The strength of the lithium market has also led to increased interest in lithium stocks. Shares of other lithium producers, such as Albemarle Corp. (ALB) and Sociedad Química y Minera de Chile (SQM), have also been on an upward trend in recent months.
Livent’s strong quarterly results and raised guidance underscore the positive outlook for the lithium industry. As the world continues to shift towards clean energy and the demand for electric vehicles increases, companies involved in lithium production will likely continue to benefit.
However, it is essential to note that the lithium market is not without its challenges. The rapid increase in demand for lithium and the resulting higher prices have led to concerns about potential oversupply in the market. Lithium production is also associated with significant environmental and social impacts, as well as geopolitical risks due to the concentration of lithium reserves in a few countries, such as Argentina, Australia, and Chile.
Despite these challenges, the outlook for the lithium market remains positive, and companies like Livent are well-positioned to benefit from the growing demand for the metal. With the strong performance in the first quarter, Livent is off to a good start in 2021, and the raised guidance suggests an optimistic view for the remainder of the year.

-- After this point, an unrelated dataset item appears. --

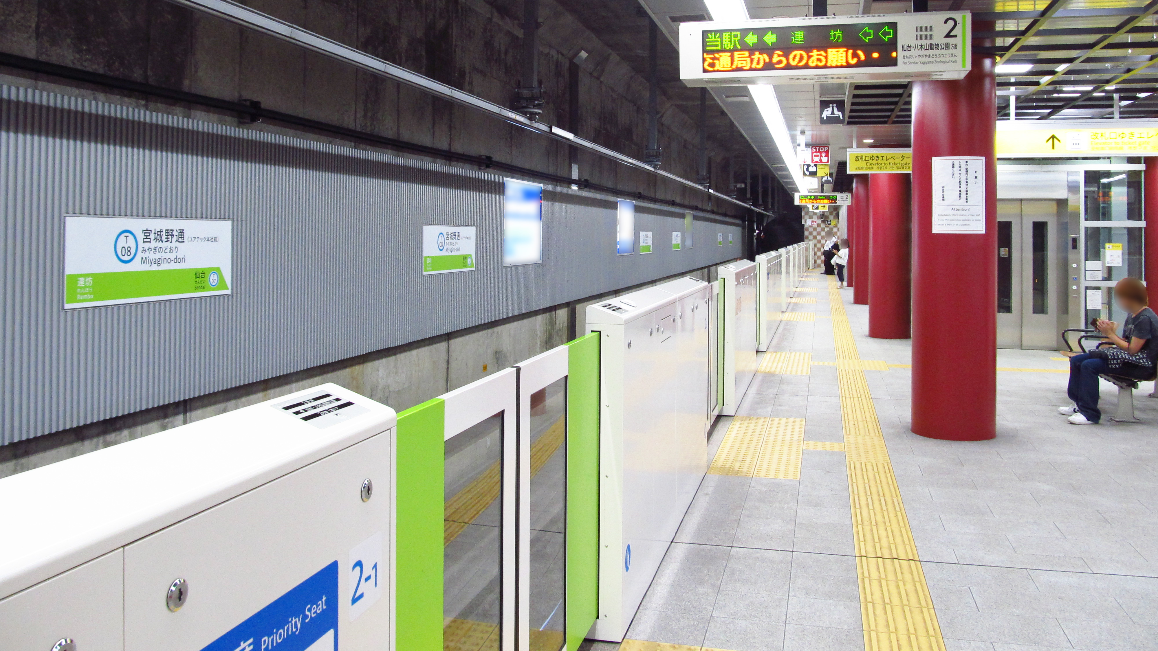 The platform at Miyagino-dori Station on Sendai Subway Tōzai Line in Miyagino-ku, Sendai, Japan

In summary, Livent’s better-than-expected first-quarter earnings and strong demand for lithium, driven by the growing electric vehicle market and consumer electronics, have led to a sharp increase in the company’s share price. As the global economy continues to transition towards cleaner energy solutions, and demand for electric vehicles and various consumer electronics remains robust, the outlook for lithium miners like Livent appears promising. However, potential challenges such as oversupply and geopolitical risk should be considered by investors when evaluating the lithium market and associated stocks.